A Comprehensive Evaluation of Novel AI Accelerators for Deep Learning Workloads
Murali Emani,Zhen Xie,Siddhisanket Raskar,Varuni Sastry,William Arnold,Bruce Wilson,Rajeev Thakur,Venkatram Vishwanath,Zhengchun Liu,Michael E. Papka,Cindy Orozco Bohorquez,Rick Weisner,Karen Li,Yongning Sheng,Yun Du,Jian Zhang,Alexander Tsyplikhin,Gurdaman Khaira,Jeremy Fowers,Ramakrishnan Sivakumar,Victoria Godsoe,Adrian Macias,Chetan Tekur,Matthew Boyd
DOI: https://doi.org/10.1109/pmbs56514.2022.00007
2022-01-01
Abstract:Scientific applications are increasingly adopting Artificial Intelligence (AI) techniques to advance science.
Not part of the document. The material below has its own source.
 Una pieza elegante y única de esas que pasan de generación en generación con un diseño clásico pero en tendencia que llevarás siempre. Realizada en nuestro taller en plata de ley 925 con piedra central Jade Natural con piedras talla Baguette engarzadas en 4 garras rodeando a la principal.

Highperformance computing centers are evaluating emerging novel hardware accelerators to efficiently run AI-driven science applications. With a wide diversity in the hardware architectures and software stacks of these systems, it is challenging to understand how these accelerators perform. The state-of-the-art in the evaluation of deep learning workloads primarily focuses on CPUs and GPUs. In this paper, we present an overview of dataflow-based novel AI accelerators from SambaNova, Cerebras, Graphcore, and Groq. We present a first-of-a-kind evaluation of these accelerators with diverse workloads, such as Deep Learning (DL) primitives, benchmark models, and scientific machine learning applications. We also evaluate the performance of collective communication, which is key for distributed DL implementation, along with a study of scaling efficiency. We then discuss key insights, challenges, and opportunities in integrating these novel AI accelerators in supercomputing systems.